■ Aim of the task
The answer should hold only the lines from the one that contains "1月20日(金)、「花園近鉄" through the last line of the material, repeated exactly, without pictures.

■ Source data

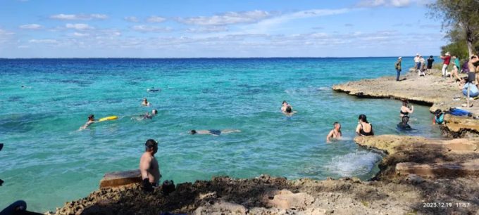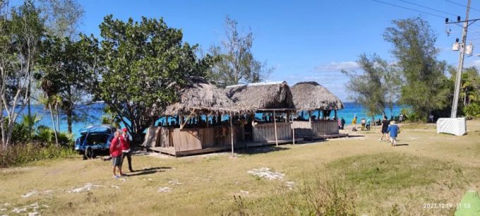 我们最后一天是去位于古巴南部的一个叫猪湾的地方和鳄鱼滩,导游介绍这里有一个很著名的尚未开发的加勒比海海滩。海水清澈见底,有很多非常美丽的鱼,很多人都来这里潜水,和鱼一起游泳。靠近岸边很浅的地方,撒一些面包屑,各种颜色的鱼就会游过来一抢而空。大家可以在这里潜水或者游泳,和大自然中的鱼亲密接触拍照。中午在距离这里不远有一个农家饭一条街,在这条街上有很多主推当地农家饭的餐厅。导游说,大家来了这几天,整天在度假村餐厅也吃腻了,所以带着大家来品尝一下这里当地人评价不错的农家餐。
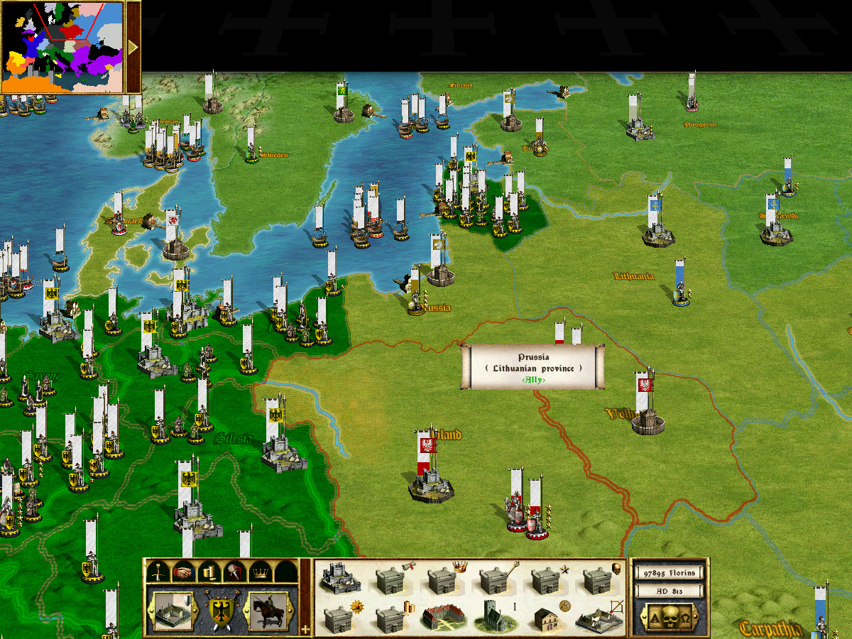 After 30 years fleets of multiple countries started to grow rapidly. Now, 42 years after start of the campaign, Danes, Aragonese, Italians, Byzantines and Egyptians have their ships all around the known world. So, I decided to break my isolation and get access to the seas too. Frisia and Saxony were the first. The next will be Pomerania and Flanders. Both still independent. Flanders has very nice infrastructure but big castle and strong garrison too. I'd like to get the province as intact as possible so I'll probably send my emissary to show them that their duty under the imperial standard can be much more lucrative with plenty of prospects and opportunities.
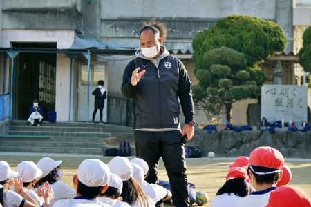 1月20日(金)、「花園近鉄ライナーズスクラム事業」の一環で、東大阪市立孔舎衙(くさか)小学校の4年生に向けてラグビー体験および講話を実施しました。
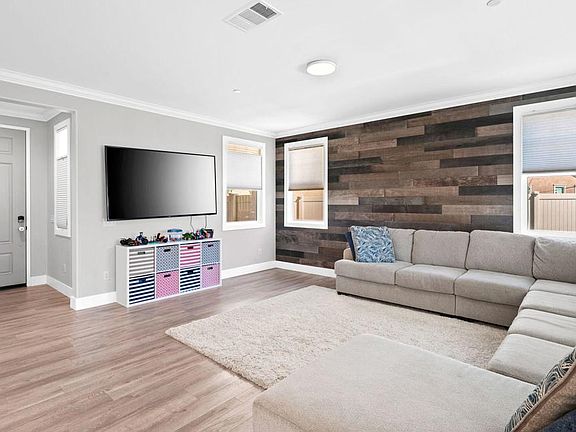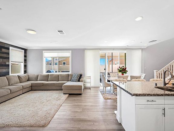 This Exquisite Residence features 3 very Spacious Bedrooms and 3 Baths. Located on a private cul-de-sac. This home shows true pride of ownership from the moment you walk in the front door. Highly Upgraded throughout. Freshly painted exterior and interior of home, vinyl plank flooring, Open Gourmet kitchen with large island/breakfast bar, with an abundance of upgraded cabinetry, granite slab counters, full granite backsplash, farmers sink, Recessed lighting. Separate dining area just off the kitchen or eat at your cozy breakfast bar. Very spacious living room and lower level bathroom for guests. Custom beautiful wainscoting decorative paneling on living room wall and master bedroom wall. Large Master Suite with large Master Bath. Master Bathroom has Double Vanity Sinks, Separate tub and shower, Big walk-in closet. Plush carpeted bedrooms. Full laundry room upstairs with plenty of shelving. This home is the Ultimate in Indoor and Outdoor living. The Backyard is a entertainers delight. Covered patio for plenty of shade, Built-in Stone BBQ for your enjoyment,Trampoline and Swing-set included. The beautiful Community of Sundance offers a Pool & Spa, Firepit, BBQs, Playground for the kiddos. Close to Award winning elementary school and Park. Centrally located close to shopping and entertainment. Very LOW monthly HOA. Property is being sold in as-is condition, where is with no warranties either expressed or implied. Specific zoning should be independently verified.

■ Exercise solution
 1月20日(金)、「花園近鉄ライナーズスクラム事業」の一環で、東大阪市立孔舎衙(くさか)小学校の4年生に向けてラグビー体験および講話を実施しました。
 This Exquisite Residence features 3 very Spacious Bedrooms and 3 Baths. Located on a private cul-de-sac. This home shows true pride of ownership from the moment you walk in the front door. Highly Upgraded throughout. Freshly painted exterior and interior of home, vinyl plank flooring, Open Gourmet kitchen with large island/breakfast bar, with an abundance of upgraded cabinetry, granite slab counters, full granite backsplash, farmers sink, Recessed lighting. Separate dining area just off the kitchen or eat at your cozy breakfast bar. Very spacious living room and lower level bathroom for guests. Custom beautiful wainscoting decorative paneling on living room wall and master bedroom wall. Large Master Suite with large Master Bath. Master Bathroom has Double Vanity Sinks, Separate tub and shower, Big walk-in closet. Plush carpeted bedrooms. Full laundry room upstairs with plenty of shelving. This home is the Ultimate in Indoor and Outdoor living. The Backyard is a entertainers delight. Covered patio for plenty of shade, Built-in Stone BBQ for your enjoyment,Trampoline and Swing-set included. The beautiful Community of Sundance offers a Pool & Spa, Firepit, BBQs, Playground for the kiddos. Close to Award winning elementary school and Park. Centrally located close to shopping and entertainment. Very LOW monthly HOA. Property is being sold in as-is condition, where is with no warranties either expressed or implied. Specific zoning should be independently verified.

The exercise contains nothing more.